__Prompt__
Please return exactly the lines from the top of the data through the line that contains "華奢で女性らしい細さのチェー", and skip all pictures.

__Data__
________________________________________
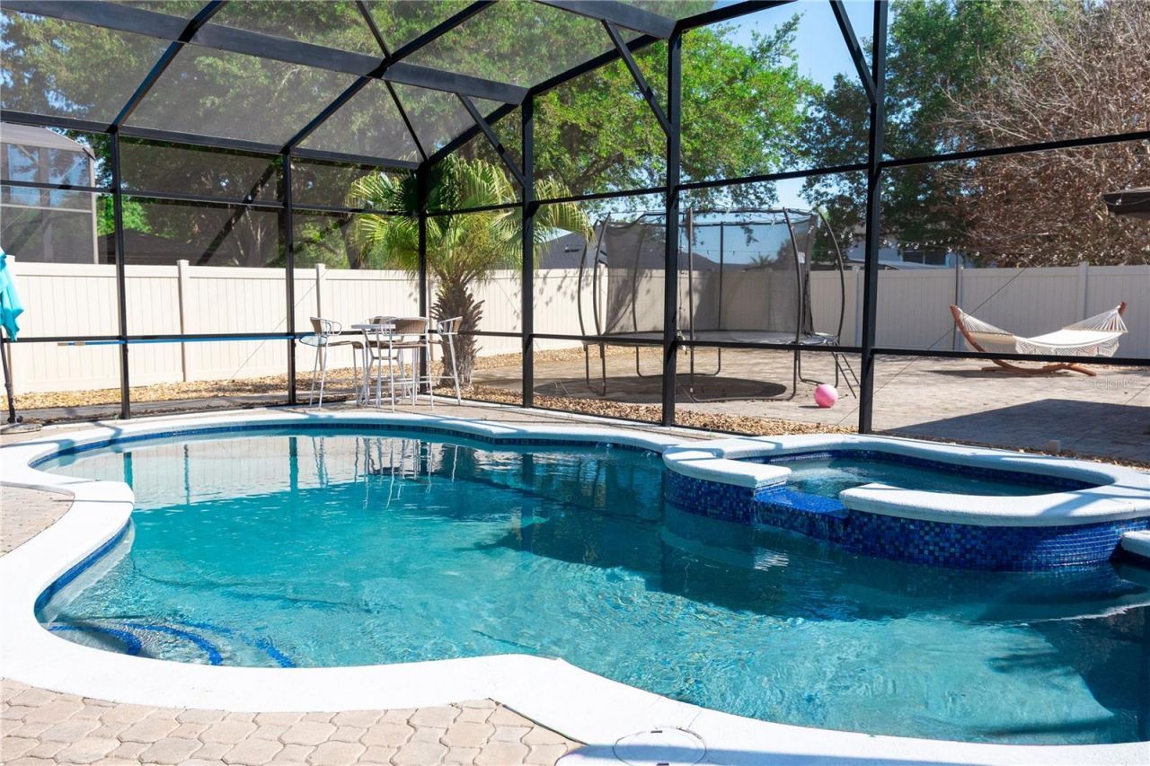 This beautifully remodeled home is truly move-in ready and offers the perfect blend of comfort, style, and functionality. The roof was replaced just 3 years ago, and the A/C system has been well maintained for peace of mind.Enjoy your private outdoor oasis featuring a resurfaced pool and a heated jacuzzi-perfect for relaxing or entertaining year-round. The home boasts ceramic flooring throughout, fresh interior and exterior paint, and spacious, light-filled rooms.The updated kitchen is a chef's delight, featuring 42 cabinetry, granite countertops, stainless steel appliances, and a walk-in pantry. The layout flows seamlessly into the family room and breakfast nook, creating an ideal space for gatherings.This home offers 4 bedrooms, 3 full bathrooms, and a 3-car garage. The primary suite features an elegant tray ceiling, while the ensuite bathroom includes dual sinks, a garden tub, and a separate shower.Additional highlights include a formal living and dining room, upgraded finishes throughout, and a third bathroom that conveniently serves the pool area. Two guest bedrooms provide comfort and flexibility for family or visitors.Step outside to an extended patio with brick pavers and a charming gazebo, Summer Kitchen newly instaled or the BBQ place made of red bricks -perfect for outdoor dining and entertaining. Washer, dryer, and blinds are all included.Located in the desirable Vistas community, this home offers both luxury and convenience-don't miss this incredible opportunity!
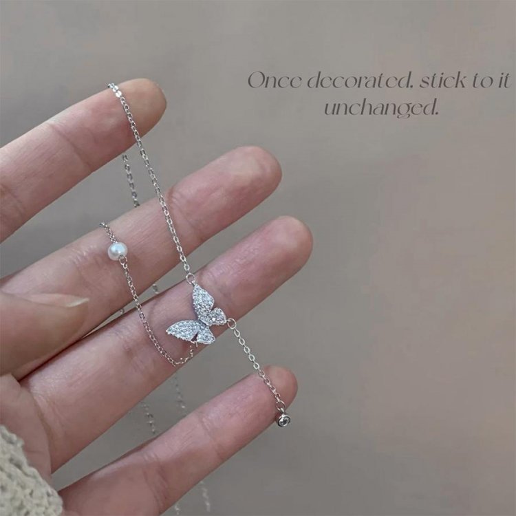 華奢で女性らしい細さのチェーンで着けやすく、トレンドを押さえた蝶々モチーフのチェーンネックレス。
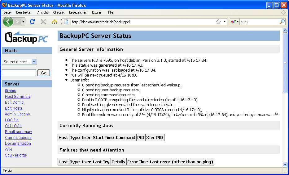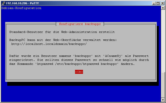 Danach wird ein Standardbenutzer 'backuppc' für die Web-Administration erstellt. Das Passwort des erstellten Benutzers wird bei der Installation angezeigt, es sollte wie vorgeschlagen, mit dem Kommando 'htpasswd' nach Abschluss der Installation geändert werden: Nach Bestätigung mit dem 'Ok'-Buttons sollte die Installation abgeschlossen sein und ein erster Zugang auf die Web-Oberfläche kann versucht werden. Nach Eingabe von Benutzer und Passwort zur Authentifizierung, sollte sich 'BackupPC' im Browser ungefähr wie folgt darstellen: Über den Web-Zugang kann das Sichern/Widerherstellen der einzelnen Clients geschehen, sowie der Status von Server/Clients abgefragt werden. Auch kann hier die Konfiguration des Servers und der Clients zum größten Teil erfolgen, weiterhin steht eine Online-Dokumentation zur Verfügung. Nach der Installation ist als einziger Client der 'BackupPC'-Server selbst, als 'localhost', eingetragen. Mit dem 'localhost' sollte auch schon alles funktionieren, d.h. es kann schon jetzt eine Sicherung bzw. Wiederherstellung durchführen können. Auch sollte man sich jetzt schon mal mit dem Handling des über die Web-Oberfläche vertraut machen. Konfiguration von BackupPCIm weiteren Verlauf wird kurz auf die weitere globale Konfiguration von 'BackupPC' eingegangen. Dabei werden auch schon die ersten Vorbereitungen für zwei zu sichernde Clients berücksichtigt. Wie erwähnt, sollen eine Linux- und ein Windows-Client dem Sicherungs-Server exemplarisch hinzugeführt werden. Die Konfiguration kann über die Web-Oberfläche oder auch in den einzelnen Konfigurationsdateien geschehen. Da die Konfiguration über die Web-Oberfläche zunächst vielleicht etwas verwirrend erscheint und eine gewisse Vertrautheit verlangt, wird die Konfiguration mittels eines normalen Editors direkt in den Konfigurationsdateien erfolgen. Nach der Installation befinden sich die Konfigurationsdateien von 'BackupPC' im Verzeichnis '/etc/backuppc/'. Hier gibt es zwei elementare Konfigurationsdateien, die Datei 'hosts' und 'config.pl'. Die Konfigurationsdatei 'hosts' enthält sozusagen die zu berücksichtigen Clients vom 'BackupPC'-Servers, mit den dazu berechtigten Benutzern. Bezogen auf die Web-Oberfläche sind die Clients in der 'Select-Box' für die einzelnen Clients wiederzufinden. Hier der Aufbau und Inhalt der 'hosts'-Konfigurationsdatei:
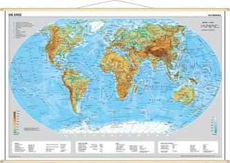 Stiefel Wandkarte Miniformat Die Erde, physisch, mit Holzstäben
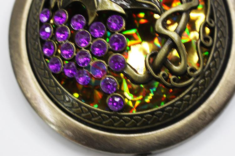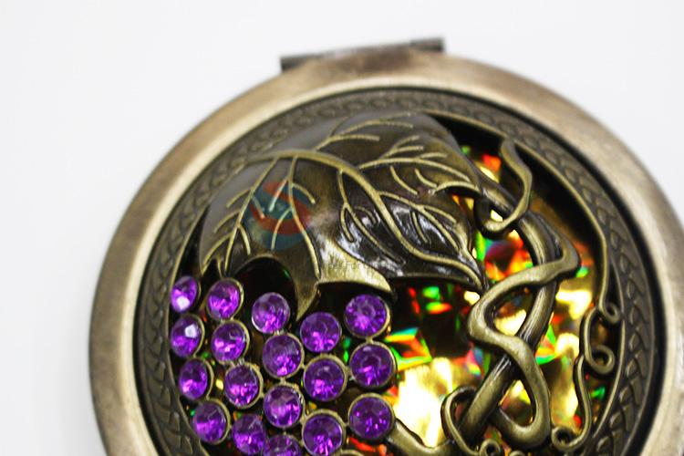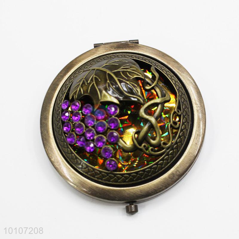 Bronze Grape Pattern Round Metal Pocket Makeup Mirror
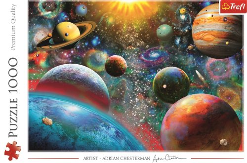 Puzzle s 1000 dílky zobrazující soustavu planet v úžasném prostoru. Po složení vznikne obraz o rozměrech 683x480 mm.Doporučený věk 12+Výrobek je vyroben z vysoce kvalitních materiálů s použitím speciálního kalandrovaného papíru odrážejícího světlo, což usnadňuje skládání. Výrobek byl vyroben v Polsku a pro jeho výrobu byly použity ekologické materiály.
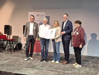 Für die Gemeinde nahmen Ortsbürgermeisterin Susanne Lechner, der 1. Beigeordnete Rainer Hartard, Bürgermeister Gerald Job sowie die Kreisbeigeordnete Anette Kloos die große Urkunde entgegen.
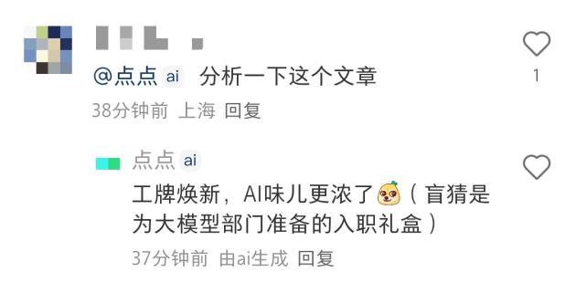 只是评论区 AI 就活跃这件事而言,很难说是否适合小红书。 AI 深入整合社区战略是有益的;因为不清楚这一现象只是一时的跟风,还是会成为常态。假如是正常的,AI、如何掌握内容与客户体验的平衡?
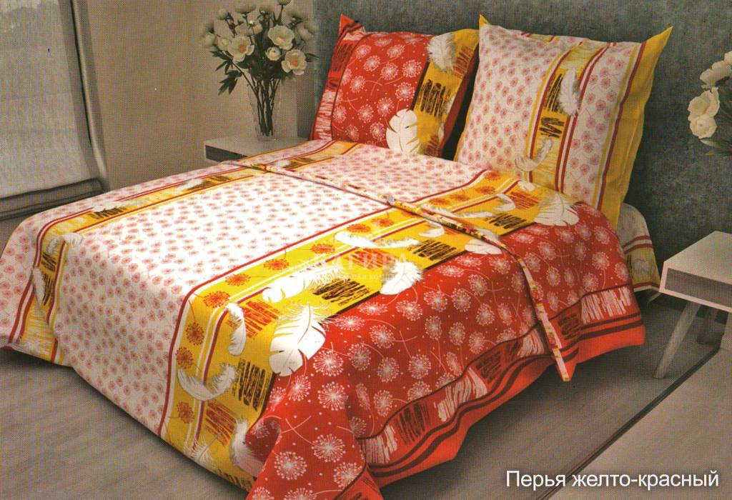 Постельное бельё "Бязь ГОСТ, 140 г/м2" Перья желто-красный
________________________________________
__Problem solution__
 This beautifully remodeled home is truly move-in ready and offers the perfect blend of comfort, style, and functionality. The roof was replaced just 3 years ago, and the A/C system has been well maintained for peace of mind.Enjoy your private outdoor oasis featuring a resurfaced pool and a heated jacuzzi-perfect for relaxing or entertaining year-round. The home boasts ceramic flooring throughout, fresh interior and exterior paint, and spacious, light-filled rooms.The updated kitchen is a chef's delight, featuring 42 cabinetry, granite countertops, stainless steel appliances, and a walk-in pantry. The layout flows seamlessly into the family room and breakfast nook, creating an ideal space for gatherings.This home offers 4 bedrooms, 3 full bathrooms, and a 3-car garage. The primary suite features an elegant tray ceiling, while the ensuite bathroom includes dual sinks, a garden tub, and a separate shower.Additional highlights include a formal living and dining room, upgraded finishes throughout, and a third bathroom that conveniently serves the pool area. Two guest bedrooms provide comfort and flexibility for family or visitors.Step outside to an extended patio with brick pavers and a charming gazebo, Summer Kitchen newly instaled or the BBQ place made of red bricks -perfect for outdoor dining and entertaining. Washer, dryer, and blinds are all included.Located in the desirable Vistas community, this home offers both luxury and convenience-don't miss this incredible opportunity!
 華奢で女性らしい細さのチェーンで着けやすく、トレンドを押さえた蝶々モチーフのチェーンネックレス。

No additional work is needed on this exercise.